◆ **PROVIDED INFORMATION**
- Opening Delimiter -

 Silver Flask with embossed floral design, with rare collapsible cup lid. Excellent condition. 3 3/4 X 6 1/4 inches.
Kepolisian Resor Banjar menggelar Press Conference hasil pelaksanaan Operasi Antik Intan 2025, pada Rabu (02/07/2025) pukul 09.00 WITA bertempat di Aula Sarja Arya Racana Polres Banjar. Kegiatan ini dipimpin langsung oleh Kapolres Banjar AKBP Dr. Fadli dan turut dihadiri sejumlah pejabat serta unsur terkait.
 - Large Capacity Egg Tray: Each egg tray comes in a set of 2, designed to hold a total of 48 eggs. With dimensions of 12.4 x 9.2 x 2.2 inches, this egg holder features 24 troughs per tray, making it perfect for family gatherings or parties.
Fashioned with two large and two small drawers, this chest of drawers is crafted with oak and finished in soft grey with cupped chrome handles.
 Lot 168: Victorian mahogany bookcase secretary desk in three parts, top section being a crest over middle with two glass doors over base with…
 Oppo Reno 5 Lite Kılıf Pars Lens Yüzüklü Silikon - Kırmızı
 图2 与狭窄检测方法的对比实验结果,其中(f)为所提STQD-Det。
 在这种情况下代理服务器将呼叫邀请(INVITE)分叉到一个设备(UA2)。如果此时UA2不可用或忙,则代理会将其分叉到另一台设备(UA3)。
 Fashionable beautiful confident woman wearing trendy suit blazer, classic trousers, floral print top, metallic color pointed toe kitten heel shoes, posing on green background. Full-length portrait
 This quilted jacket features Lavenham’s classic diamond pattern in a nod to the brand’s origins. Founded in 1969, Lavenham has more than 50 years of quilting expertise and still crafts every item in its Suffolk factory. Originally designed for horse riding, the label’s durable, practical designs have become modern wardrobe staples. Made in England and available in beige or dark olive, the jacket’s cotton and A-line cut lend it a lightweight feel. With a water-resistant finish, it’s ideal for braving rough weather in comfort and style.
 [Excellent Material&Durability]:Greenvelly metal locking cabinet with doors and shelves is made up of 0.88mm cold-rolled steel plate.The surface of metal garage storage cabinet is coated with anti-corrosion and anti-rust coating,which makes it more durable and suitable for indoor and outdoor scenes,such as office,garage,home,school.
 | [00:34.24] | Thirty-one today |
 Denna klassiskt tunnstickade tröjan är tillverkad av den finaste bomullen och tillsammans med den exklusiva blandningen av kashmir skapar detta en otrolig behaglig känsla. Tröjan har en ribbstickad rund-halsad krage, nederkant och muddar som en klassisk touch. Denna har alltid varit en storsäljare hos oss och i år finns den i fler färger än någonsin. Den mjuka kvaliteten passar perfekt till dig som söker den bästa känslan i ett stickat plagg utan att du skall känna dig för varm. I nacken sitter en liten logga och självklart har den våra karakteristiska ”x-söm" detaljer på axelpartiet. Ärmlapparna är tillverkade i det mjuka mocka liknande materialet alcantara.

- Closing Delimiter -

◆ **AIM OF THE TASK**
All lines above from the one holding "Lot 168: Victorian" to the one holding "图2 与狭窄检测方法的对比实验结果,其中(f)为所提STQD-Det。", inclusive, are to be copied exactly; no other line is wanted.

◆ **RESULT OF THIS EXERCISE**
 Lot 168: Victorian mahogany bookcase secretary desk in three parts, top section being a crest over middle with two glass doors over base with…
 Oppo Reno 5 Lite Kılıf Pars Lens Yüzüklü Silikon - Kırmızı
 图2 与狭窄检测方法的对比实验结果,其中(f)为所提STQD-Det。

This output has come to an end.